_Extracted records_
****************************************

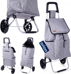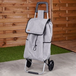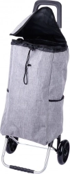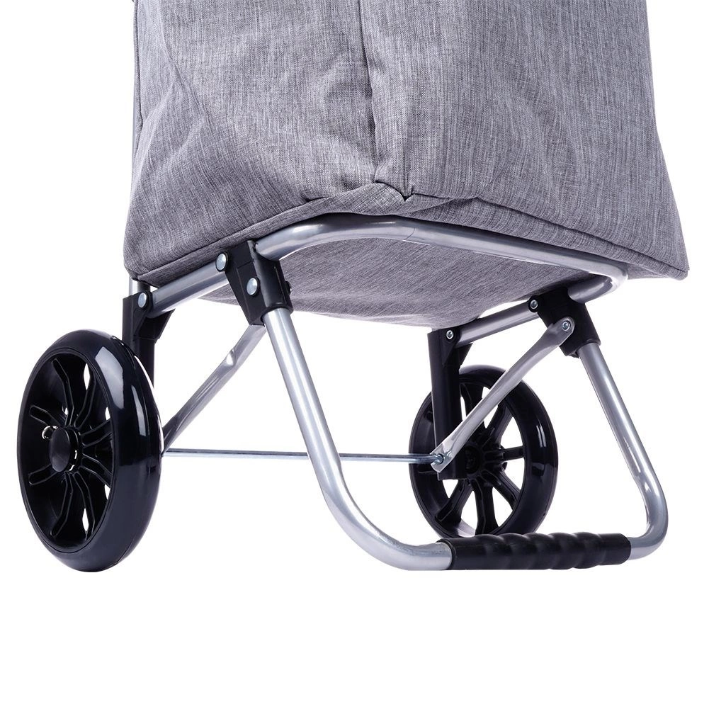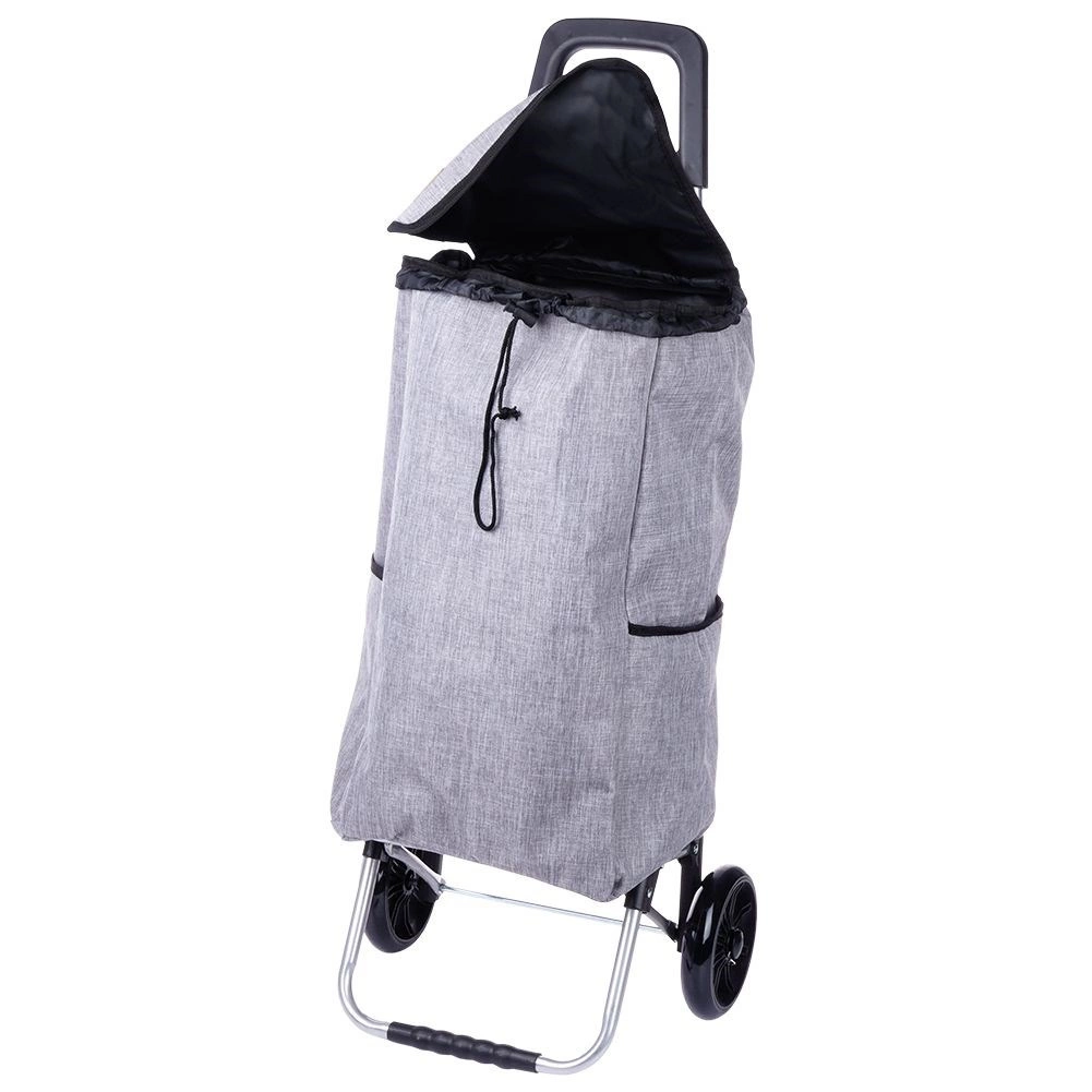 Nákupný vozík so sivou textilnou taškou je navrhnutý na pohodlné a bezpečné prevážanie nákupu. Ľahký, no odolný kovový rám s veľkými plastovými kolesami zabezpečuje stabilitu a plynulý pohyb. Taška je chránená chlopňou a uzatvára sa na sťahovaciu šnúrku, takže obsah ostane v bezpečí aj pri horšom počasí.
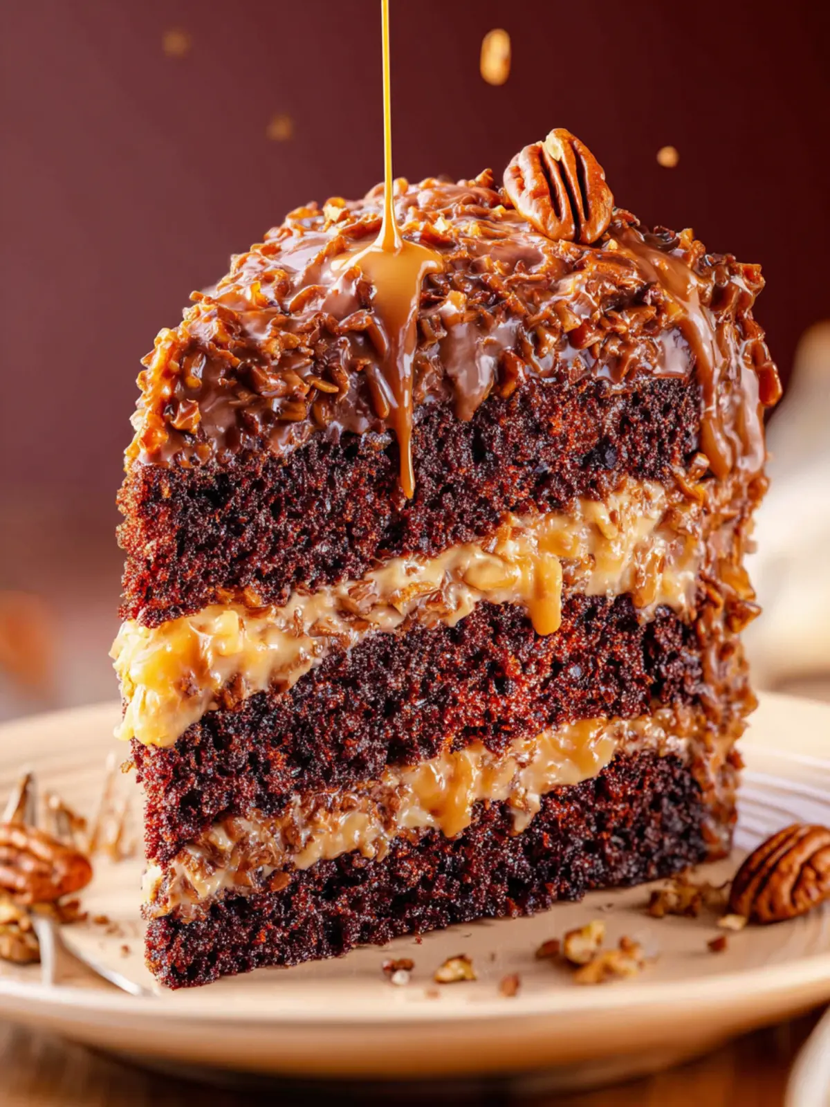 A rich and delicious German chocolate cake topped with coconut pecan frosting.
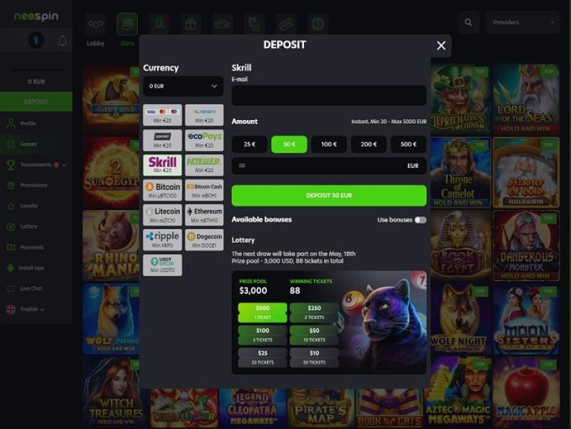 Neospin 是一家在线赌场,由 Hollycorn NV 运营和拥有,该公司根据库拉索法律成立,由 Antillephone NV 许可和监管
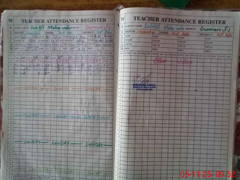 | District: KOT ADU | Tehsil: KOT ADU | Markaz: GURMANI- FEMALE | Level: Primary | |
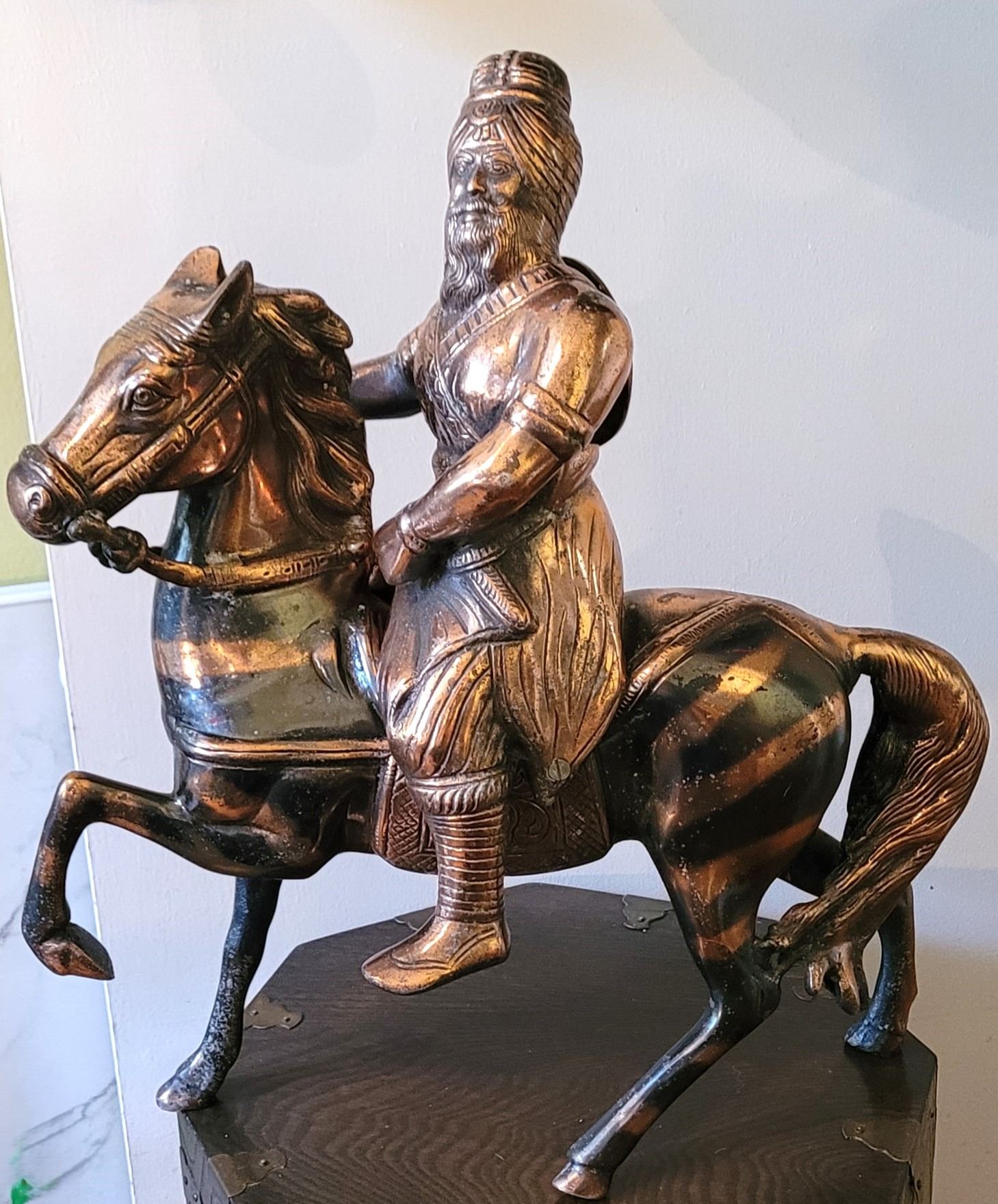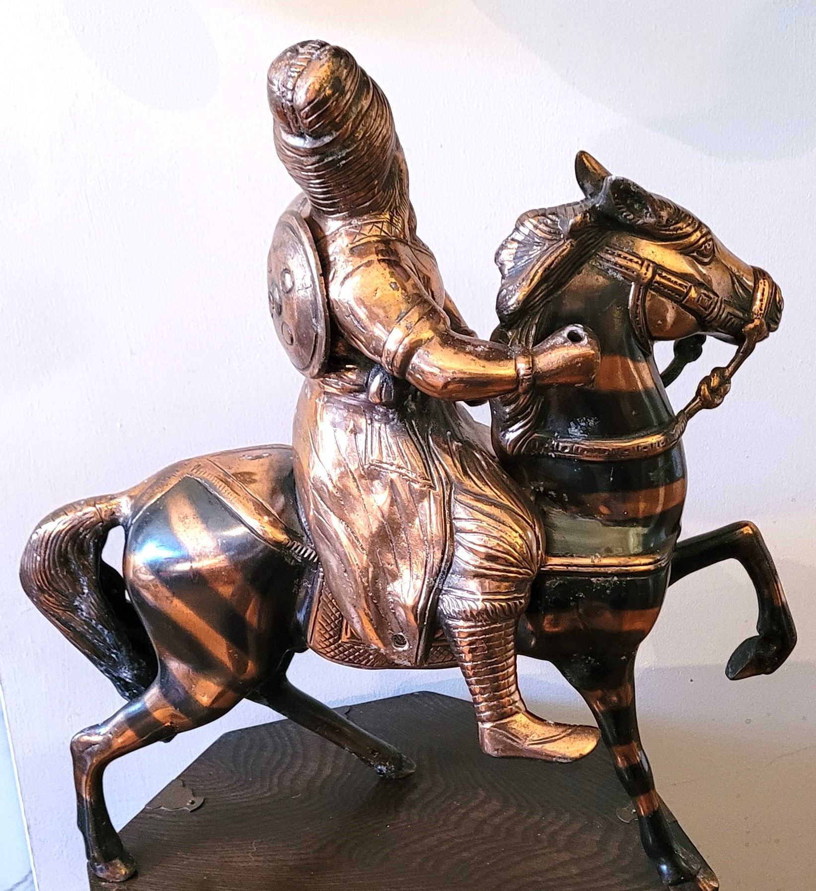 32) BRONZE ANCIENT PERSIAN WARRIOR ON HIS HORSE,
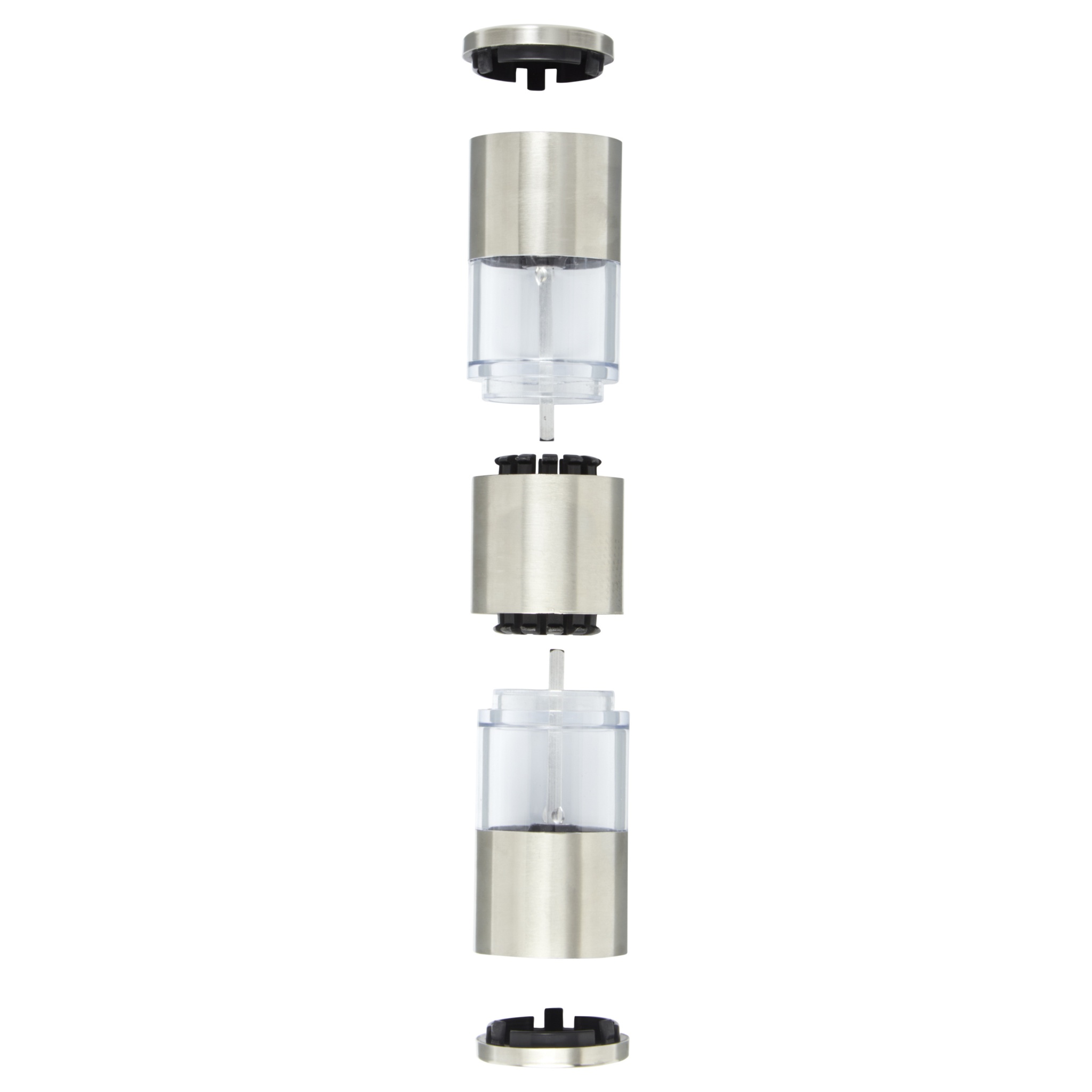 2-sided grinder with one end for salt and the other for pepper. Pepper and salt are not included.

****************************************

_What is expected_
Leave out each picture and extract the lines from the one containing "Primary | |" through the end of the records above, inclusive, exactly as they stand.

_Task answer_
 | District: KOT ADU | Tehsil: KOT ADU | Markaz: GURMANI- FEMALE | Level: Primary | |
 32) BRONZE ANCIENT PERSIAN WARRIOR ON HIS HORSE,
 2-sided grinder with one end for salt and the other for pepper. Pepper and salt are not included.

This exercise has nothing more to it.